De Novo Designed α‐Helical Coiled‐Coil Peptides as Scaffolds for Chemical Reactions

• Published in: Chemistry : a European journal Vol. 25; no. 7; pp. 1665 - 1677
• Main Authors: Rink, W. Mathis, Thomas, Franziska
• Format: Journal Article
• Language: English
• Published: Germany Wiley Subscription Services, Inc 01.02.2019
• Subjects: Autocatalysis; Biology; Building design; Catalysts; Chemical reactions; Chemistry; coiled coil; Coils; de novo design; Design; enzyme; Organic chemistry; Peptides; Protein folding; Proteins; proximity-induced reactions; reaction scaffold; Redox reactions; Scaffolds; Stability; enzyme; de novo design; reaction scaffold; proximity-induced reactions; coiled coil
• ISSN: 0947-6539; 1521-3765
• DOI: 10.1002/chem.201802849

Coiled coils (CCs) are well‐understood protein‐folding motifs. They appear in a variety of oligomer states and as homo‐ and heteromeric assemblies. This versatility and the general accessibility by de novo design makes them ideal building blocks for synthetic biology. This Minireview highlights the efforts being made in designing small peptide catalysts or reaction templates based on the CC scaffold.

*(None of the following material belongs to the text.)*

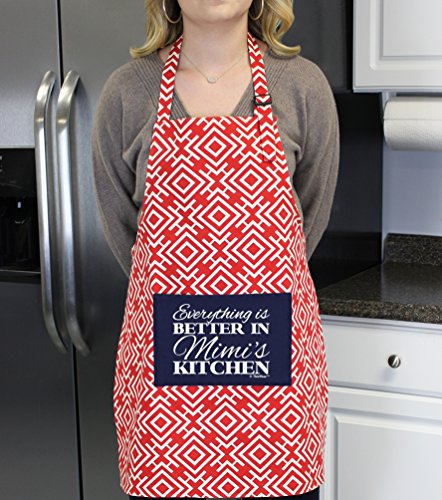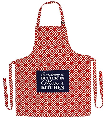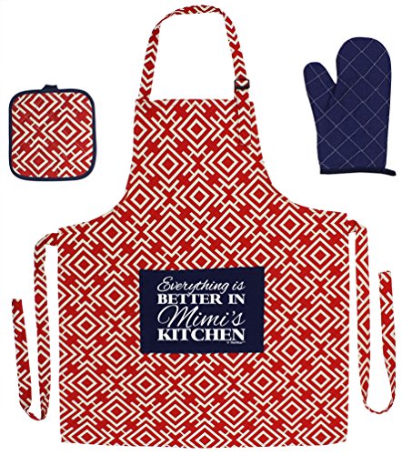 Christmas Gift for Mimi Everything is Better in Mimi's Kitchen Funny Aprons 3-piece Cooking Apron Set with Oven Mitt and Pot Holder Funny Apron Red Greek Square

The first reports described autocatalysis or mediation of peptide ligation based on CC recognition. Over the years, the designs became more advanced, catalyzing ester hydrolysis, acyl transfer and redox reactions with partial enzyme‐like reactivity. Due to the ability to control CC assembly, and, in heterodimeric systems, the association and dissociation, the CC motif has become a common peptide tag in chemical biology. Round and round they go! The de novo design strategies of peptide catalysts and reaction templates based on the well‐understood coiled‐coil folding motif are summarized. Coiled‐coil dimers to heptamers were used to mimic enzymatic reactions, such as peptide ligations, transfer reactions, ester hydrolysis and redox reactions. Furthermore, coiled‐coil mediated covalent fluorescence labelling of proteins is discussed.